[Supplied records Boundary: Start]

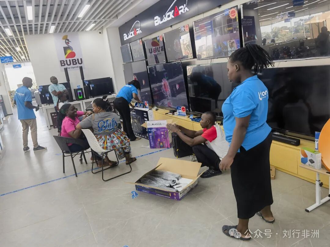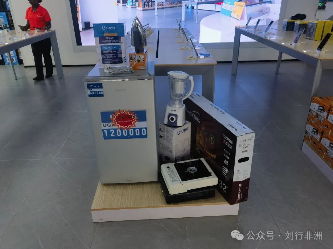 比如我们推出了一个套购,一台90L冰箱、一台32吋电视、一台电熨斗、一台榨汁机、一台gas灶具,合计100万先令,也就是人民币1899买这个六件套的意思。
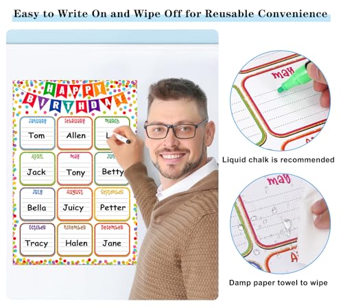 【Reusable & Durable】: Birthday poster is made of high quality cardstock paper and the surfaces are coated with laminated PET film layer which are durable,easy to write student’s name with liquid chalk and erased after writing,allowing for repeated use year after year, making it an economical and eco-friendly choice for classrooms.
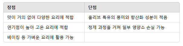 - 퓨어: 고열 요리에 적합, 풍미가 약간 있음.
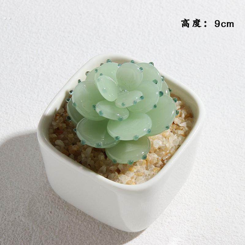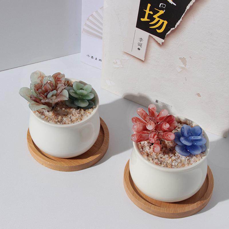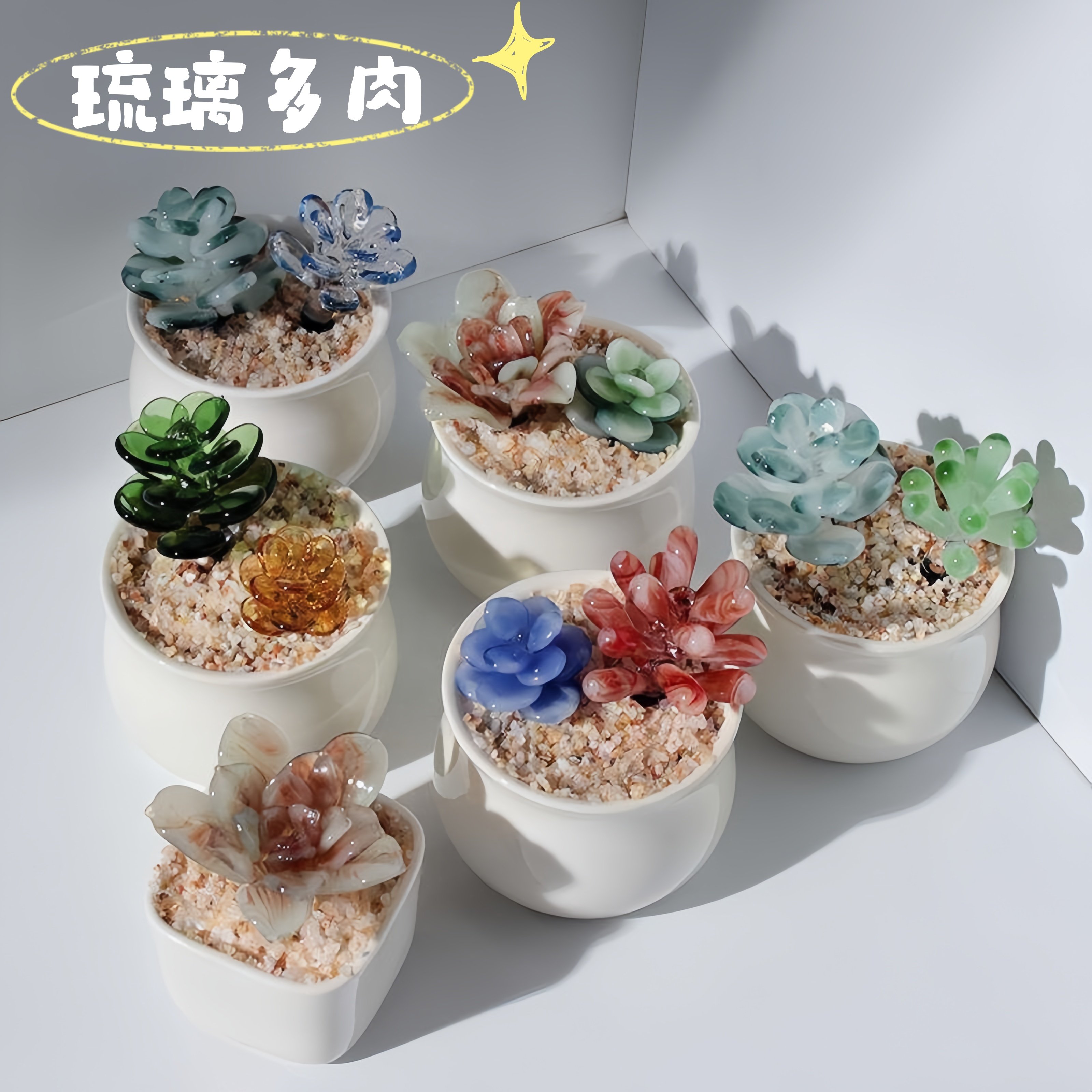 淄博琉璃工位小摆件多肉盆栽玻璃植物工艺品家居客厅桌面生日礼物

[Supplied records Boundary: End]
[Supplied records Boundary: Start]

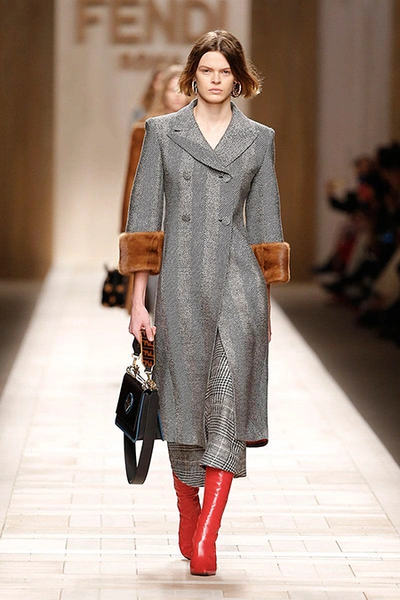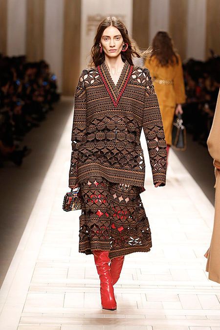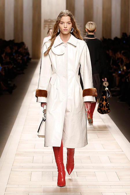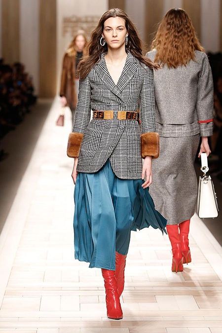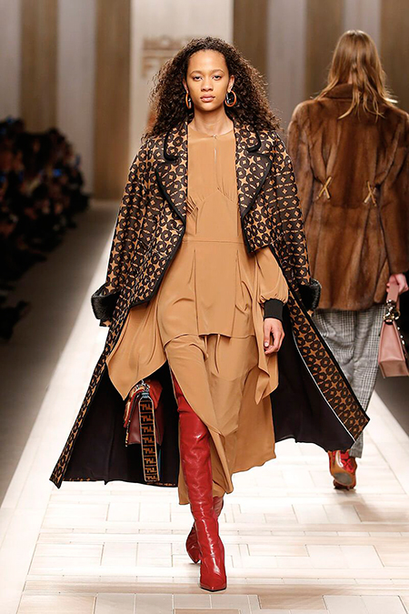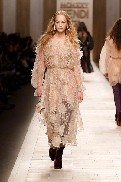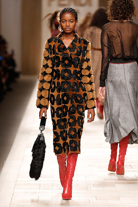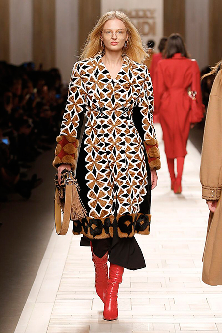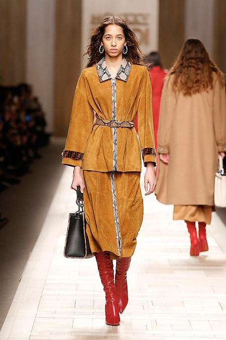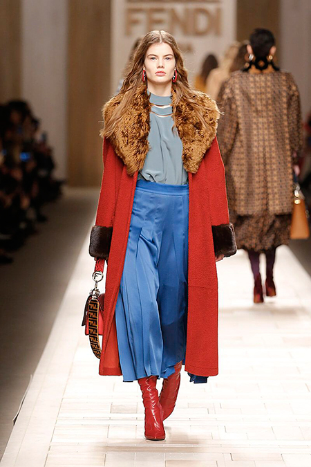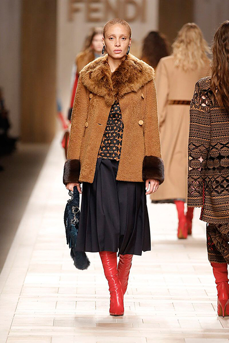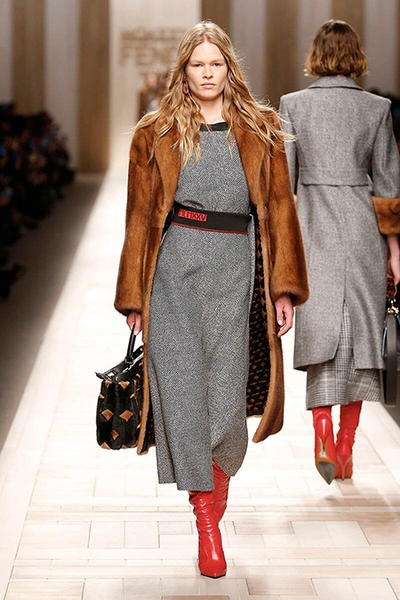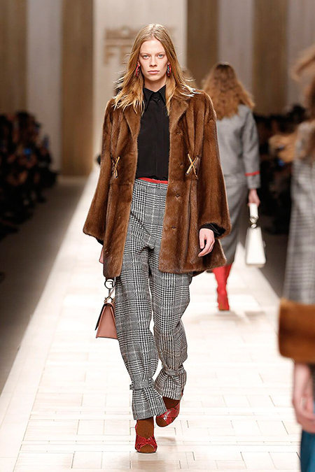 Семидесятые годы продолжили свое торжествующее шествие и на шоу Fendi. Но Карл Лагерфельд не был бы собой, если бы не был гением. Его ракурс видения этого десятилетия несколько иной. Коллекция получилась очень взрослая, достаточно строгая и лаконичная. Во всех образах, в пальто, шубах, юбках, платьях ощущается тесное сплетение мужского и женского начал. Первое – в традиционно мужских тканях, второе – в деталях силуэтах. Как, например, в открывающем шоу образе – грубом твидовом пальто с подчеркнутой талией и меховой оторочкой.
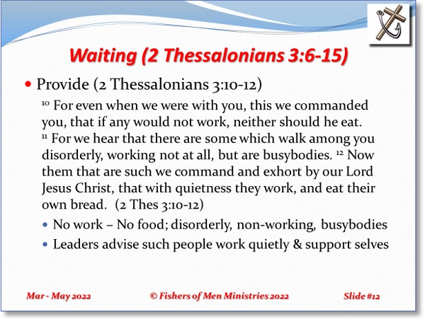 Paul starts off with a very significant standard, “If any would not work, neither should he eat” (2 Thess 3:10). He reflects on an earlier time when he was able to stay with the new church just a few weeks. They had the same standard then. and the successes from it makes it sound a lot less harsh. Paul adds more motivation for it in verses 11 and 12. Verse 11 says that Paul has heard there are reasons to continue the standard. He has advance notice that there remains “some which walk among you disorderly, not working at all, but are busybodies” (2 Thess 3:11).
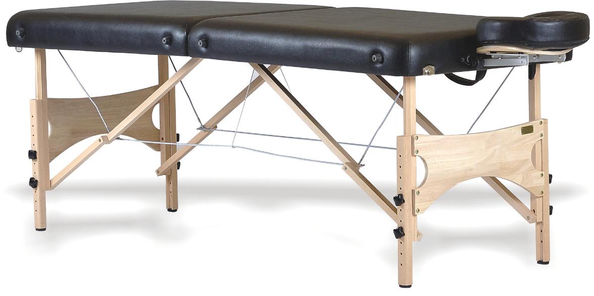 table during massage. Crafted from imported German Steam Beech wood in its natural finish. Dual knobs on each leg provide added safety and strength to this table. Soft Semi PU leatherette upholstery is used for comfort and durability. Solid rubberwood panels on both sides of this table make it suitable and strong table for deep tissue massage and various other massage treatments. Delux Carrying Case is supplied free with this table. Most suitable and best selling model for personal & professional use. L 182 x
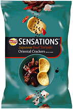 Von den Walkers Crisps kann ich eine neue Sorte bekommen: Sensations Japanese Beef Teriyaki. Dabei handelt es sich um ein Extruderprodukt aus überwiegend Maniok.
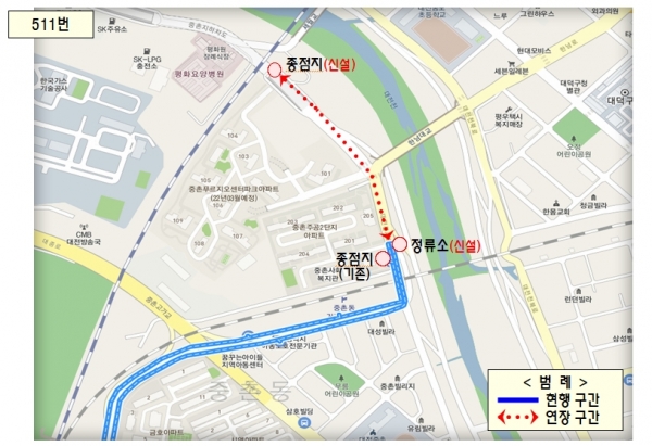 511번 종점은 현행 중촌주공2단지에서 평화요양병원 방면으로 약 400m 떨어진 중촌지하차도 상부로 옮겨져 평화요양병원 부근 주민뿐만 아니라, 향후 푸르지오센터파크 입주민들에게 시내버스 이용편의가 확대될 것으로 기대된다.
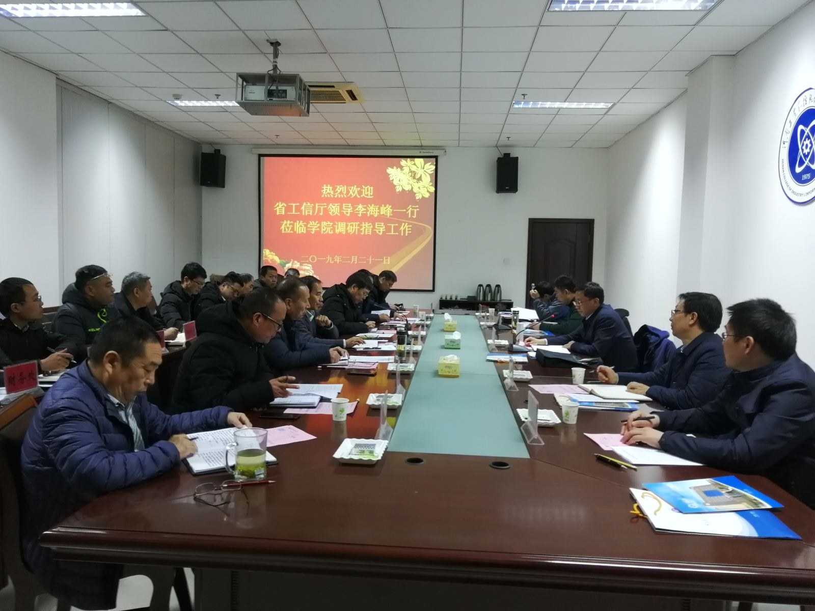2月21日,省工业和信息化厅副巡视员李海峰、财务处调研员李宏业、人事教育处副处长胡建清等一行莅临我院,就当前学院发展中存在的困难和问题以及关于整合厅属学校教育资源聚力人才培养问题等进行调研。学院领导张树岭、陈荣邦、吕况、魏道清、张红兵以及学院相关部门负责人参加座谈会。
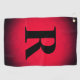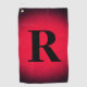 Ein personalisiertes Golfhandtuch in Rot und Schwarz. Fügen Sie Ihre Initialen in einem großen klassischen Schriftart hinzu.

[Supplied records Boundary: End]

■ **Brief**
Using the material above, transcribe exactly the lines from the one holding "比如我们推出了一个套购,一台" to the one holding "淄博琉璃工位小摆件多肉盆栽玻璃植物工艺品家居客厅桌面生日礼物", both ends kept. Do not carry over any pictures.

■ **Your response**
 比如我们推出了一个套购,一台90L冰箱、一台32吋电视、一台电熨斗、一台榨汁机、一台gas灶具,合计100万先令,也就是人民币1899买这个六件套的意思。
 【Reusable & Durable】: Birthday poster is made of high quality cardstock paper and the surfaces are coated with laminated PET film layer which are durable,easy to write student’s name with liquid chalk and erased after writing,allowing for repeated use year after year, making it an economical and eco-friendly choice for classrooms.
 - 퓨어: 고열 요리에 적합, 풍미가 약간 있음.
 淄博琉璃工位小摆件多肉盆栽玻璃植物工艺品家居客厅桌面生日礼物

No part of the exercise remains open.